In fact our post practising reciprocity in negotiation is consistently our highest-read page on our company website at Kahvay.
So what is the law of reciprocity, and how can you use it in your day-to-day practice of product management?
First off, a definition 👇
In social psychology, reciprocity is a social norm of responding to a positive action with another positive action, rewarding kind actions. As a social construct, reciprocity means that in response to friendly actions, people are frequently much nicer and much more cooperative than predicted by the self-interest model; conversely, in response to hostile actions they are frequently much more nasty and even brutal.
That’s it; it comes as no surprise if you’re friendly, then your counterpart is friendly, and vice-versa; if you raise the temperature, they will respond in kind. Simply put, it’s human behaviour. There’s a reason why you hear phrases like;
A smile opens many doors.
A smile is worth a thousand words.
But what happens when they are behaving in a way that creates conflict or simply does not reciprocate your behaviour?
Effective Product management is hard enough as it is, without worrying about what other folks think, right? Wrong.
A big part of your role is about influencing without authority. You need buy-in. You need to motivate the team. You need to give bad news. You need to ask for more resources when there aren’t any. You must give candid and constructive feedback when someone hasn’t met your expectations. All whilst maintaining good working relationships.
How do you achieve this?
Mirroring language is a tried and tested approach. But truthfully, what we say matters much less than we think. I liked this article by Jano le Roux.
Especially as the ‘art of saying no’ is such an important part of managing a successful product. Jano refers to the study by professor Albert Mehrabian on social communications, which we also refer to in our own digital foundation course for negotiators.
Look here for a good summary of this study 👇
Here’s the overly-simplistic interpretation. Where you see or use it, qualify it, in the proper context.
7% of meaning in the words that are spoken.
38% of the meaning is paralinguistic (the way that the words are said).
55% of meaning is in facial expression.
In other words, the tone and your facial expression totals about 93% of your communication.

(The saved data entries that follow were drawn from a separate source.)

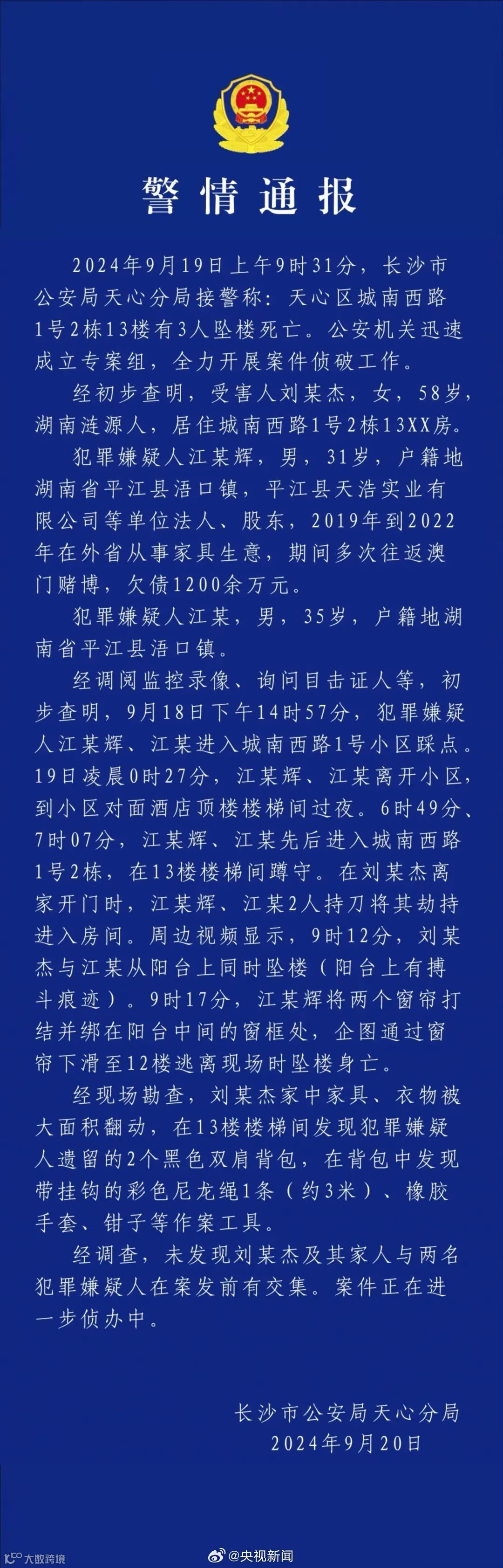 9月19日上午9时31分,湖南长沙市公安局天心分局接警称:天心区城南西路1号2栋13楼有3人坠楼死亡。公安机关迅速成立专案组,全力开展案件侦破工作。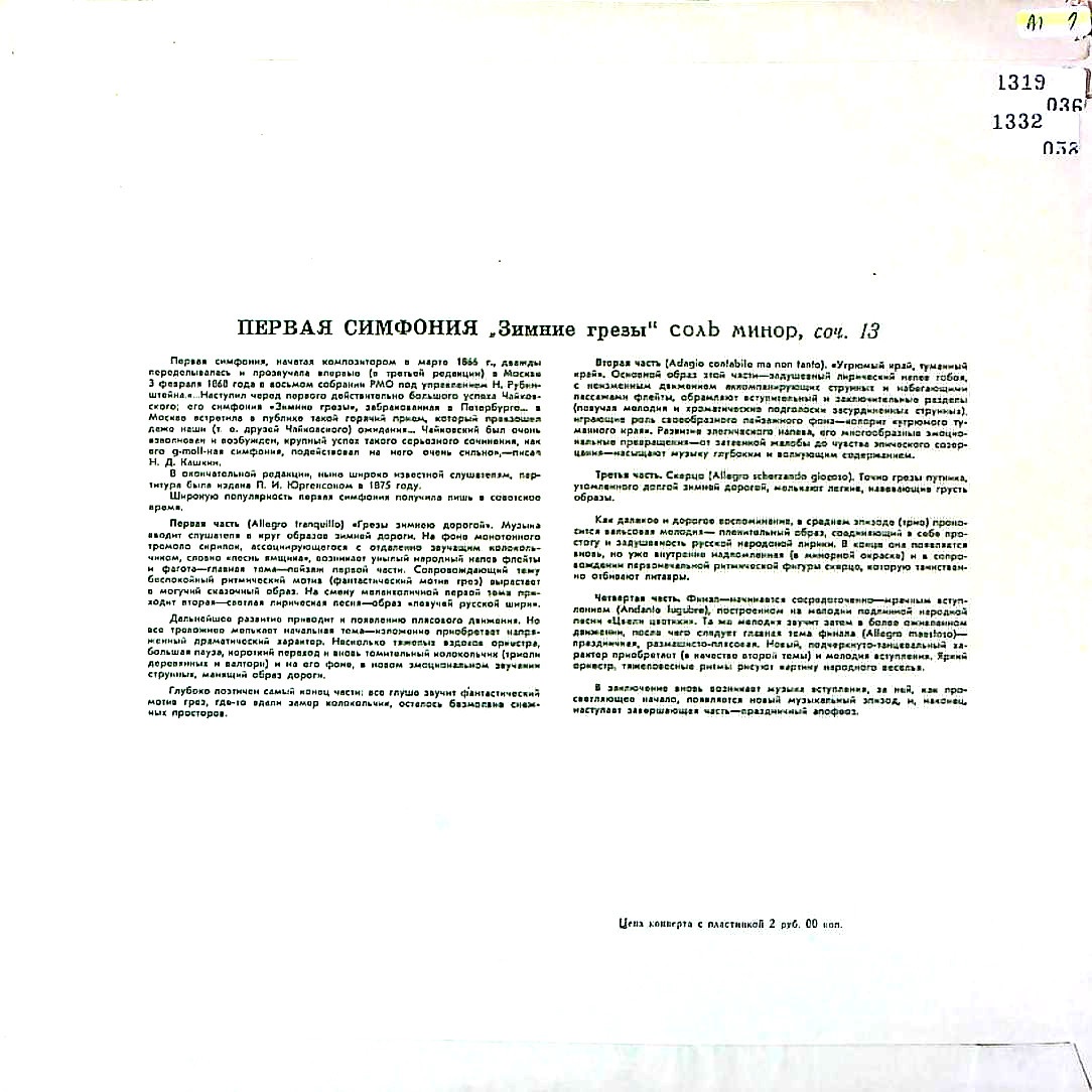 商品コード:1332-058n[MELODIYA] K.イワノフ指揮/ チャイコフスキー:交響曲1番「冬の日の夢想」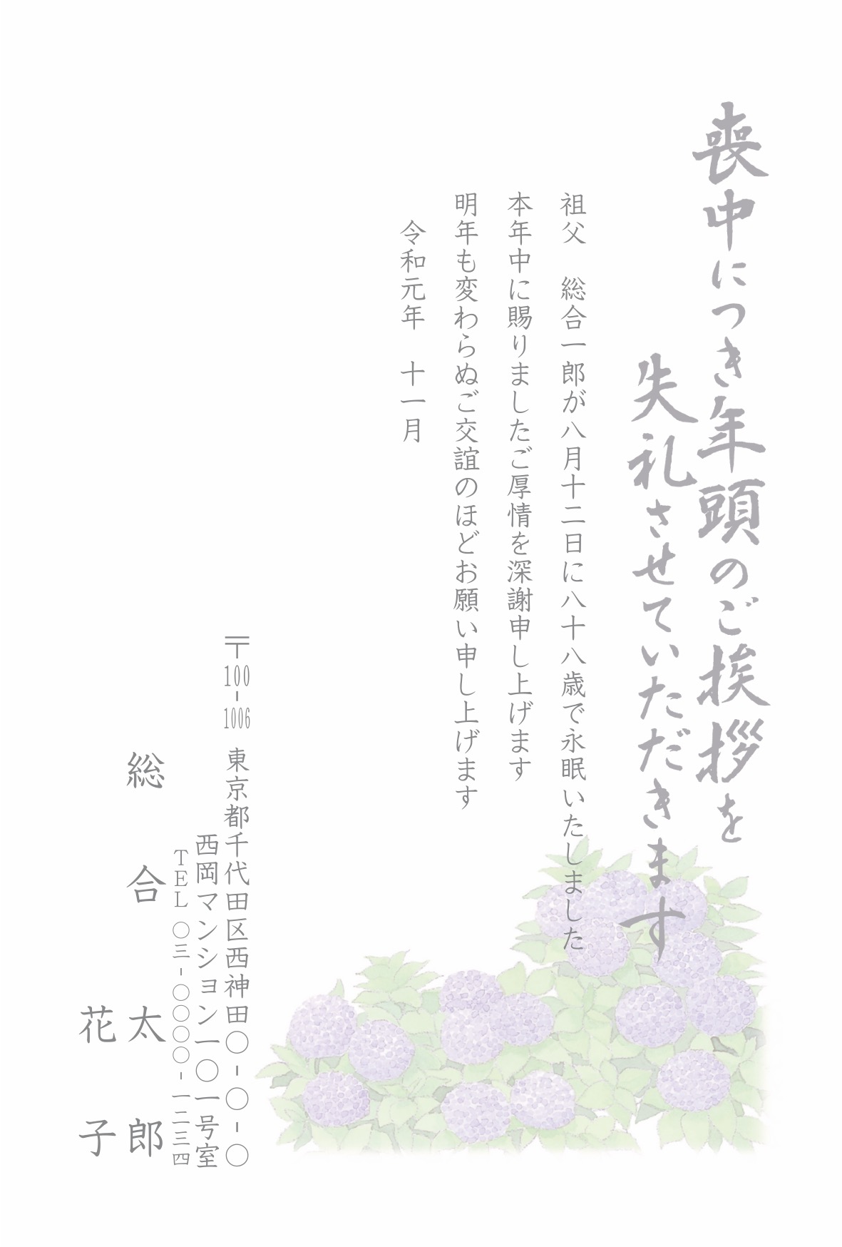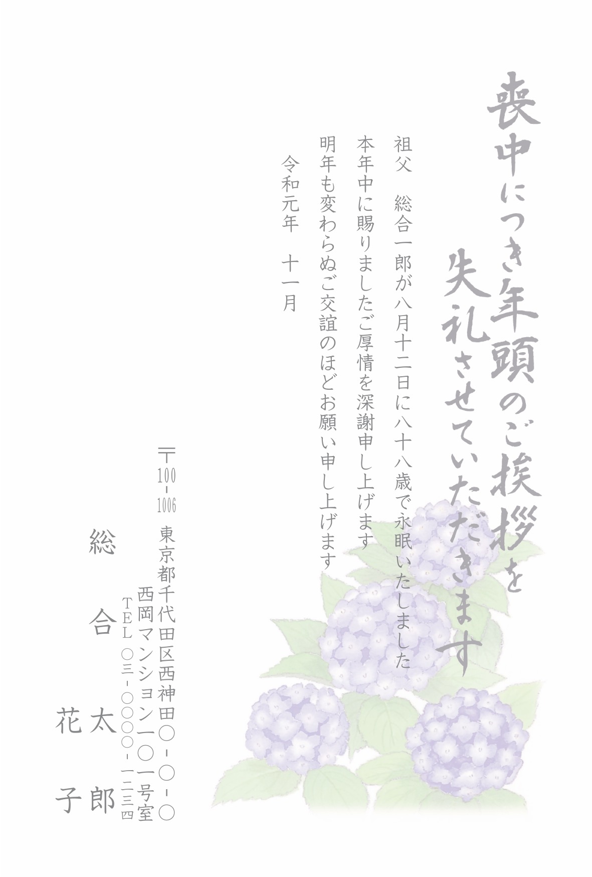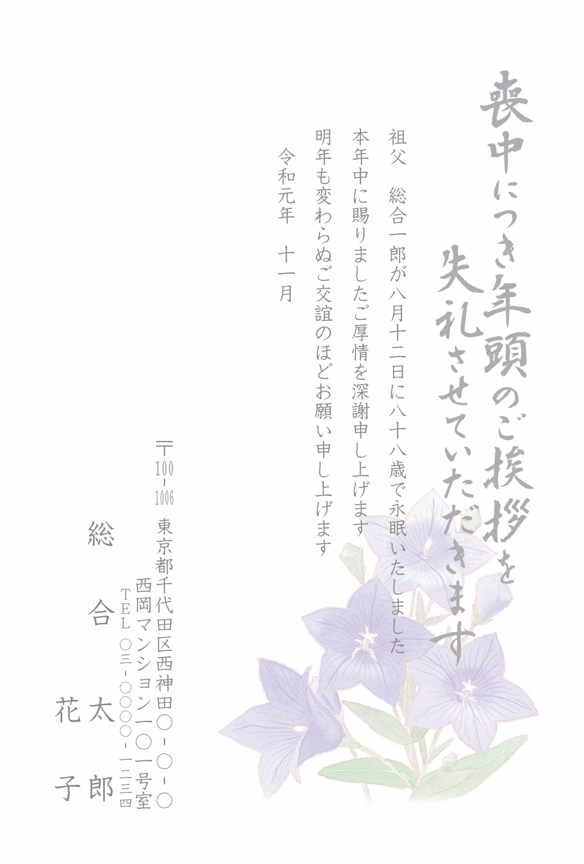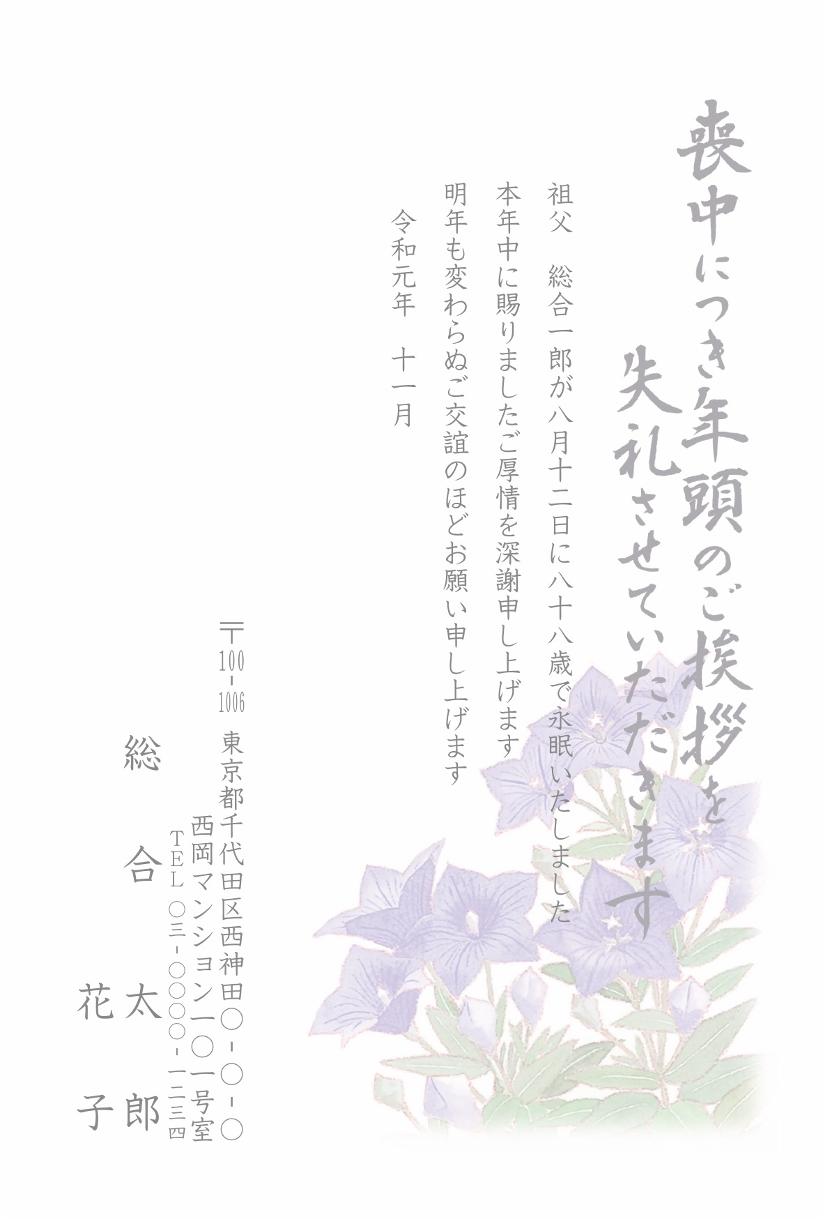 喪中はがき 薄墨タイプ(カラー印刷)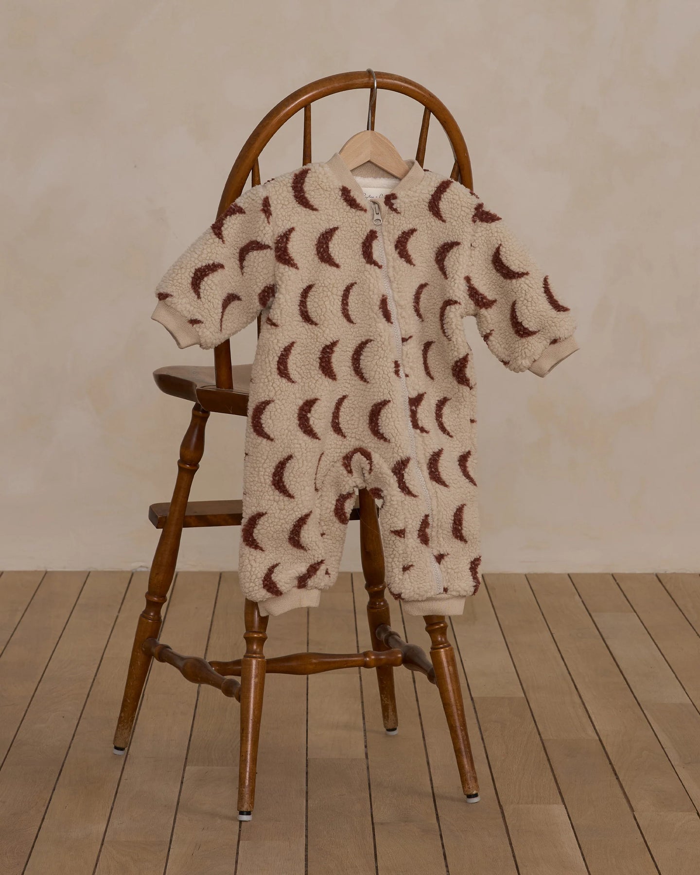 Coziest shearling jumpsuit for baby with ribbed cuffs, a silky stone liner, and metal zipper down the front. Sized for easy layering.

The article goes on to remind readers that this is not set in stone. But is especially pertinent when the facial expression does not match the words being spoken. In our coaching with clients, we refer to this as the ‘collaboration of three’.
Eyes — Body — Voice
Do the words spoken match their eyes and their body language? When they don’t match, it’s more often than not a red flag.
Reciprocity is key to how you get what you want. Reciprocity is how you gauge whether your counterpart is;
- Ready (The timing of your request)
- Willing to follow your path. (they agree with you!)
- Able (their authority to make the decision)
You can gauge this by testing their ability and desire to reciprocate. For example, I’ve copied an excerpt from our blog post to show you;
Using appropriate language that signals they are in your debt:
“I’ve moved; your move next”
“I’ve offered a concession; it’s your turn”
“My offer is a sign of good faith; I need a similar sign in return”
make your exchanges conditional;
“under the condition that you”
“if you were to consider X, then I would reciprocate with A”
If they don’t reciprocate, you may still need to build trust with your counterpart to secure the change you needed.
By using simple techniques like reciprocity. It can help you access your counterpart’s hardwired social programming in an appropriate way to help support you in getting the job done. Practice makes perfect; good luck.